まず忘れ去られていた論文から紹介しよう。2015年ワシントン大学からDevelopmental Biologyに報告された論文で、

外眼筋と呼ばれる動眼のための筋肉は、ジストロフィンが欠損しても幹細胞の自己再生と筋肉の再生が維持されているという発見だ。すなわち、ジストロフィン欠損でも再生を維持できるメカニズムが外眼筋には備わっているという結果だ。このような驚くべき結果が8年間も忘れられていたというのに驚くが、筋肉幹細胞研究のプロの一人 Frederic Relaix の目にとまった様だ。

ラット筋ジストロフィーモデルで、骨格筋、外眼筋について Single cell RNA sequencing を行い、またその結果を組織学的に検証することで、

  1. ジストロフィンが欠損した骨格筋は、p16 や p21 が高発現し、老化が進み、その結果再生能力が失われている。しかし、この老化は外眼筋では見られず、筋肉再生が維持できる。
  2. 正常ラットで、骨格筋と外眼筋の転写を比較すると、甲状腺刺激ホルモン受容体の発現が後者でのみ見られる。
  3. ジストロフィン欠損外眼筋筋肉幹細胞は、試験管内で増殖を続けることが出来るが、甲状腺刺激ホルモン受容体の機能を阻害する薬剤で、骨格筋と同じように増殖が低下する。すなわち、甲状腺刺激ホルモン受容体シグナルの有無で、外眼筋と骨格筋の差を説明できる。
  4. 阻害剤の効果は、シグナル下流の cAMP を上昇させるフォルスコリンで元に戻せる。

を明らかにした。

以上の結果を、ヒト骨格筋、及び外眼筋で確認した後、最後にジストロフィン欠損マウスにフォルスコリンを週2回注射するプロトコルで、筋肉の喪失を抑えられるか調べ、4ヶ月目で、機能的にも組織的にも、病気の進行をある程度抑えられることを示している。

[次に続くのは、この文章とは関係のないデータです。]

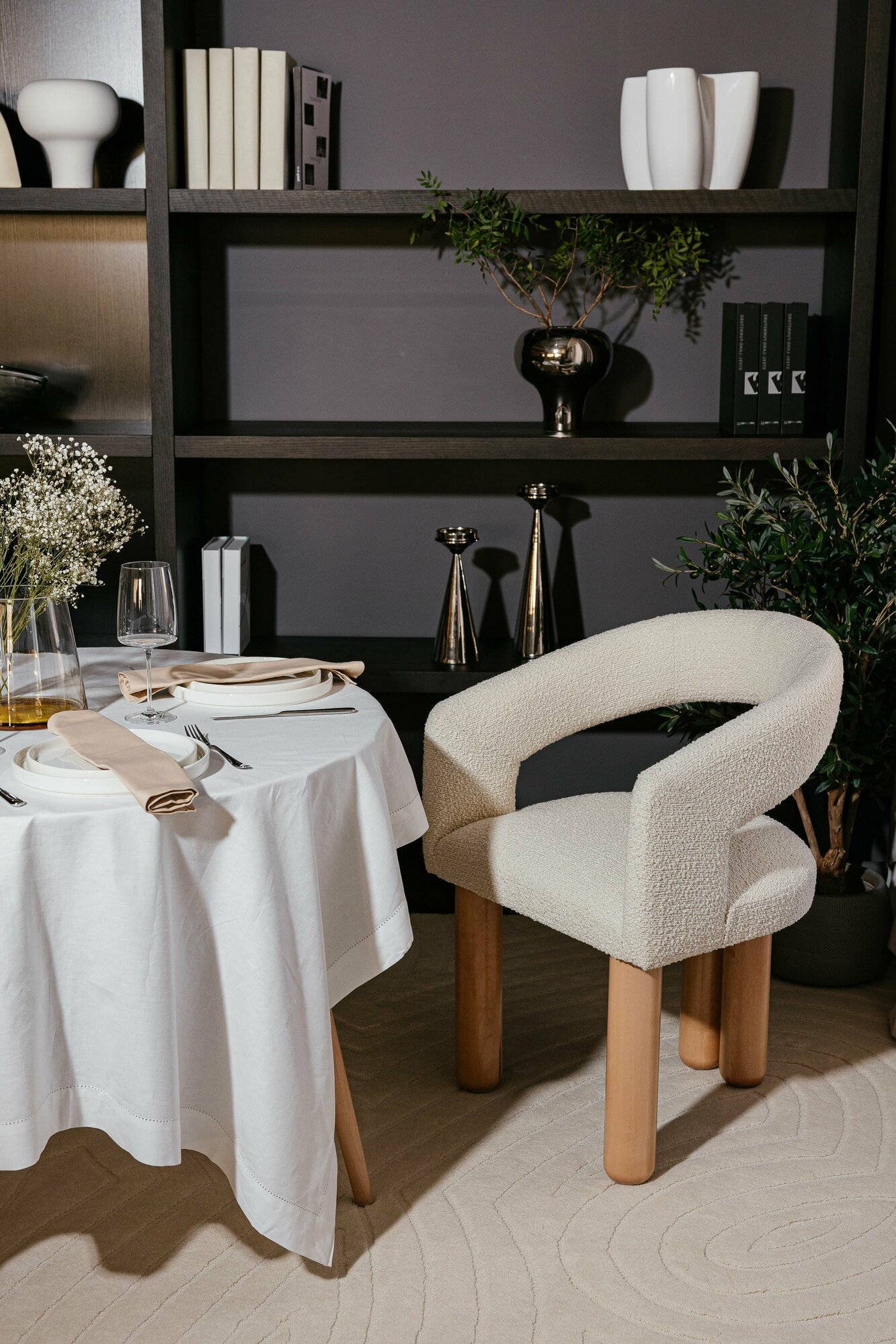Стул кресло PECOLA мягкое со спинкой с подлокотниками на деревянных ножках для отдыха стильный современный в гостиную в кухню в детскую натуральное дерево букле молочный, ножки тон черный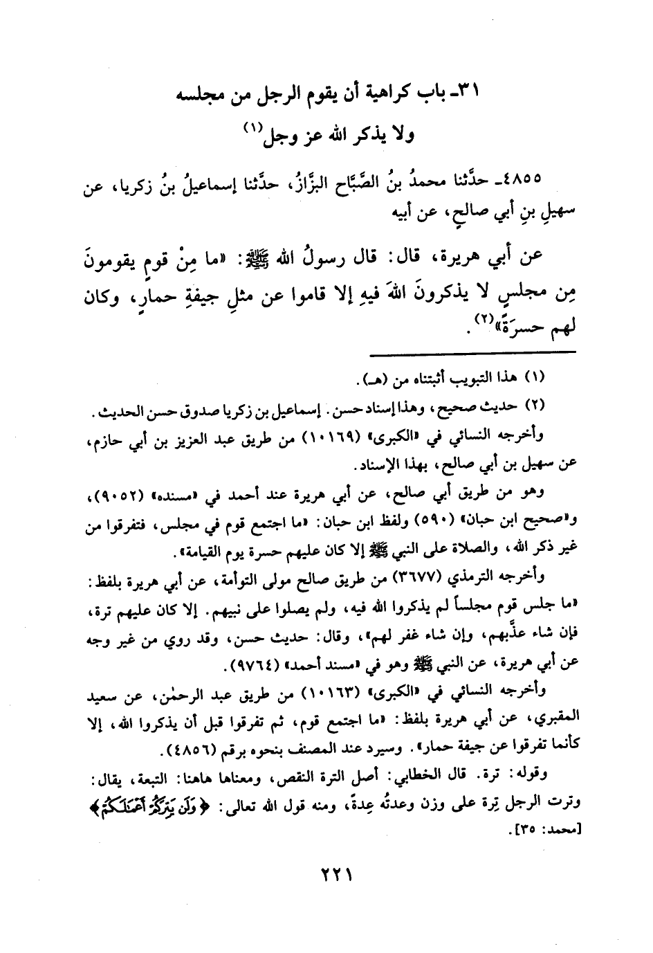 ٣١ - باب كراهية أن يقوم الرجل من مجلسه ولا يذكر الله عز وجل (¬١)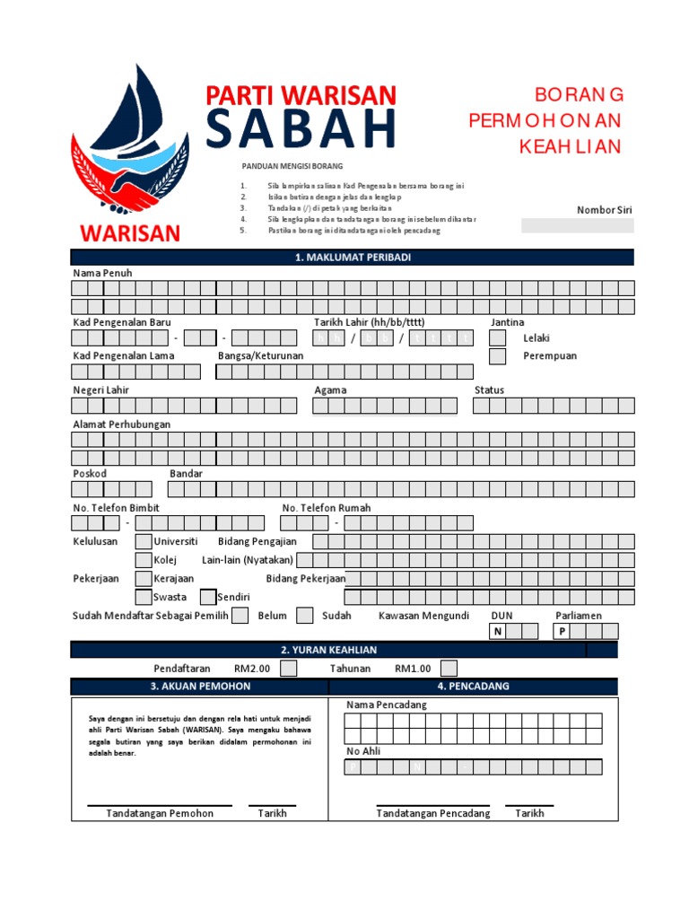 Borang Permohonan Keahlian Parti Warisan Sabah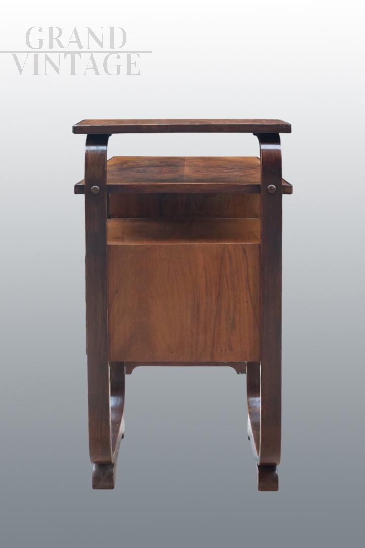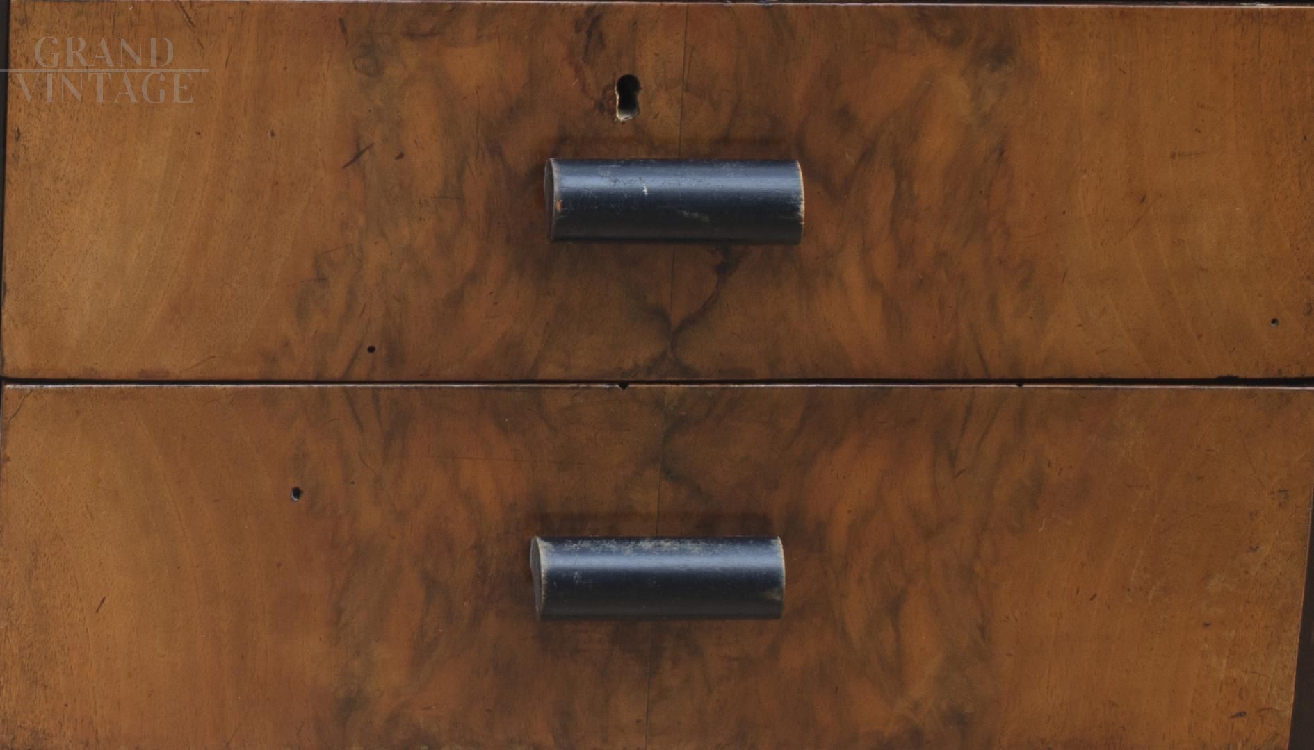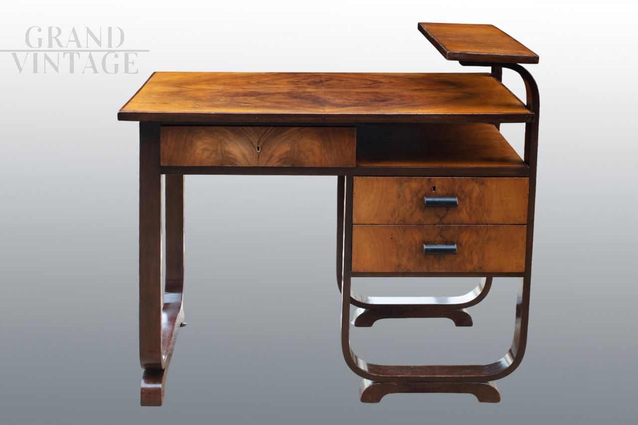 Scrittoio scrivania Art Déco anni ‘30 impiallacciato in noce con rialzo sul piano, le maniglie sono ebanizzate e le gambe hanno una bellissima forma curva. Totalmente restaurata, la scrivania ha le chiavi mancanti.

結果は以上で、フォルスコリンの注射を長期的に続けられるかどうかは難しい問題だが、ジストロフィン喪失の影響を幹細胞の増殖と老化に収束させて、病気の進行を抑えるための標的を明らかにしたことは極めて重要だ。

さらに、幹細胞の一般的な老化についても抑える方法へと発展するかも知れない。さすがプロの目だと感心した。